» **Work instruction**:
The answer must consist only of the lines in the records below from the line with "所以接下来的事情果然让他的笑" to the line with "Женские туфли на", both included, copied word for word with every picture left out.

/---

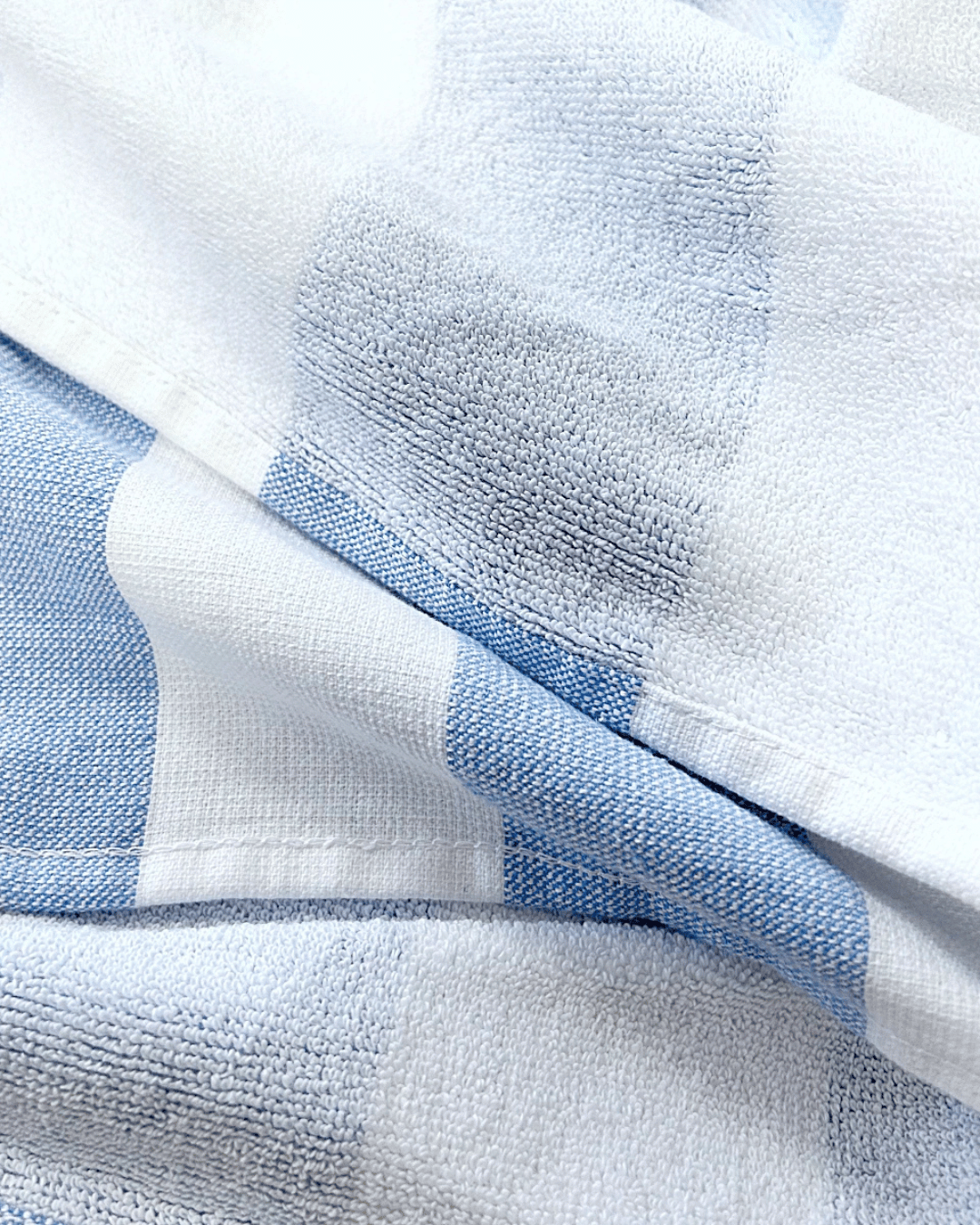 Upptäck Lagoon badhandduk i randig frottékvalitet med varannan rand i frotté, varannan i tunnvävd hamamkvalitet. Perfekt för dig som letar efter en frottéhandduk som väger mindre, torkar snabbare och tar mindre plats när den är hopfälld.
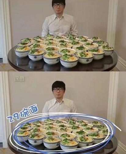 所以接下来的事情果然让他的笑容逐渐消失,当他摘下眼罩的时候,眼前摆着的是证正29碗长寿面,而且还都加了牛肉,剧组也是真的"斥巨资"为胡歌过生日啊!
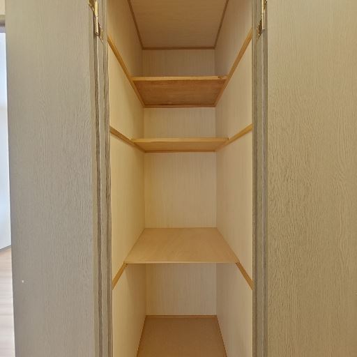 • 廊下に面した物入れ(可動棚)(確度86%):扉付きの収納スペースに棚が複数段あり、日用品やリネン類を整理しやすい構成。棚は高さ違いで使い分けできそう。
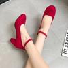 Женские туфли на высоком каблуке весна и осень новая мода ремешок с пряжкой на одно слово толстый каблук одинарные туфли замшевые свадебные туфли для тоста туфли невесты
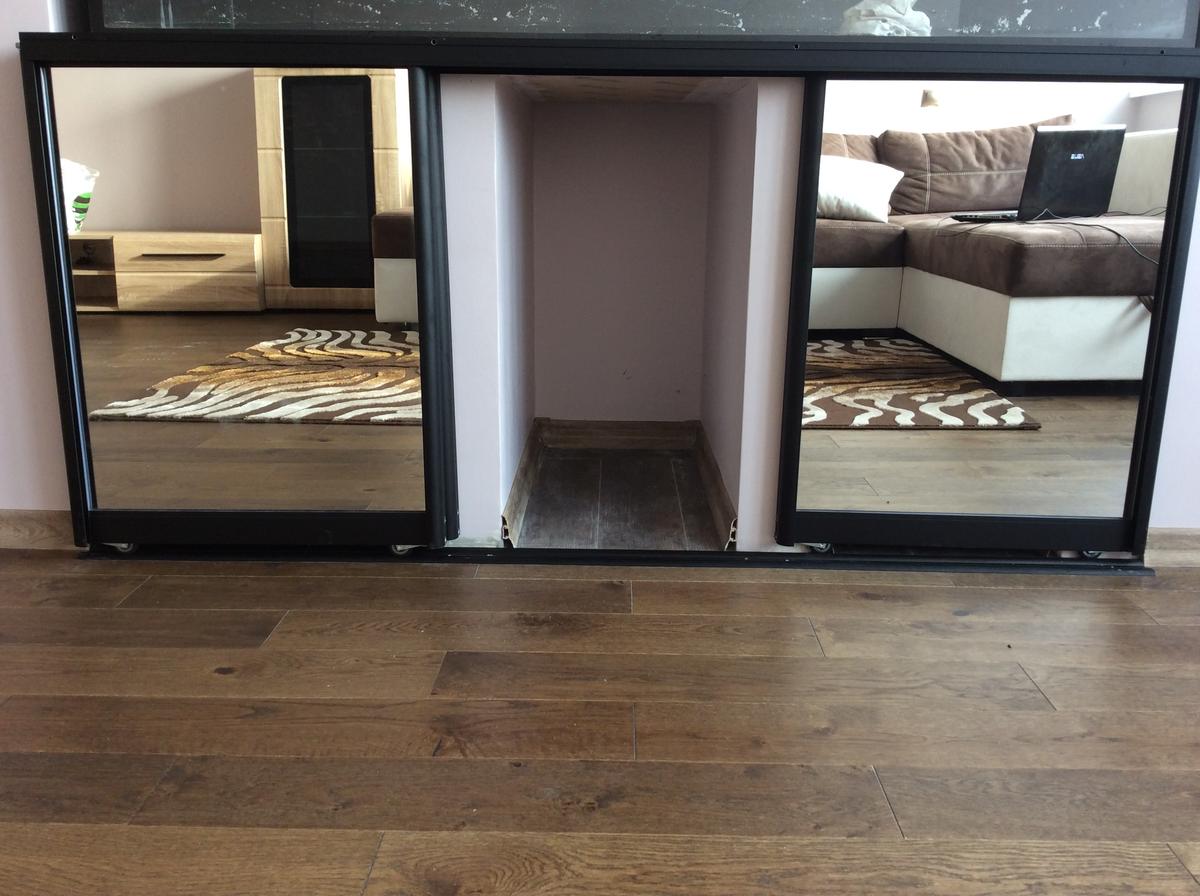 Единственная сложностью было придать этой каменной тумбочке пристойный вид снаружи, закрыть вид будущих фильтров и другого оборудования.После долгих поисков и размышлений была установлена раздвижная система из алюминия и стекла, как в стандартных шкафах купе. Очень удобно, не боится влаги и заказать можно на любом рынке у торгующих шкафами купе в любом цвете и с любым рисунком, или просто с зеркалом как у меня ( самый бюджетный вариант). Смонтировать ее на месте легко, у меня аква и столешница одной ширины, поэтому я крепил верхнею направляющею к боку столешницы, просверлил в ней сбоку сквозные дырки и закрутил саморезами в передний торец столешницы.
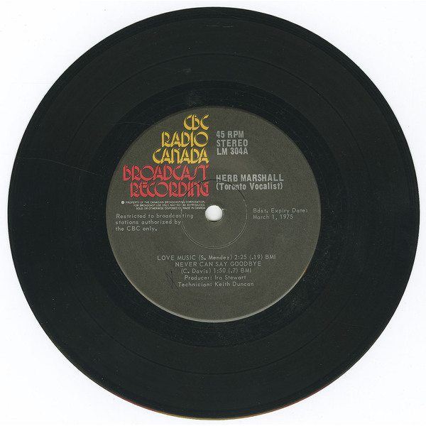 In 1975, Marshall released his only known vinyl recording, a rare 45 RPM titled Toronto Vocalist, produced by Ira Stewart and released by CBC Radio Canada. This record showcased his exceptional talent through soulful renditions of tracks like “Love Music,” “Never Can Say Goodbye,” “Make It With You,” and “Get Out of My Life Woman.” The 45rpm single is a testament to his unique ability to reinterpret contemporary songs with elegance and emotional depth, cementing his legacy as both a gifted vocalist and a versatile performer.

\---

» **Reply to the exercise**:
 所以接下来的事情果然让他的笑容逐渐消失,当他摘下眼罩的时候,眼前摆着的是证正29碗长寿面,而且还都加了牛肉,剧组也是真的"斥巨资"为胡歌过生日啊!
 • 廊下に面した物入れ(可動棚)(確度86%):扉付きの収納スペースに棚が複数段あり、日用品やリネン類を整理しやすい構成。棚は高さ違いで使い分けできそう。
 Женские туфли на высоком каблуке весна и осень новая мода ремешок с пряжкой на одно слово толстый каблук одинарные туфли замшевые свадебные туфли для тоста туфли невесты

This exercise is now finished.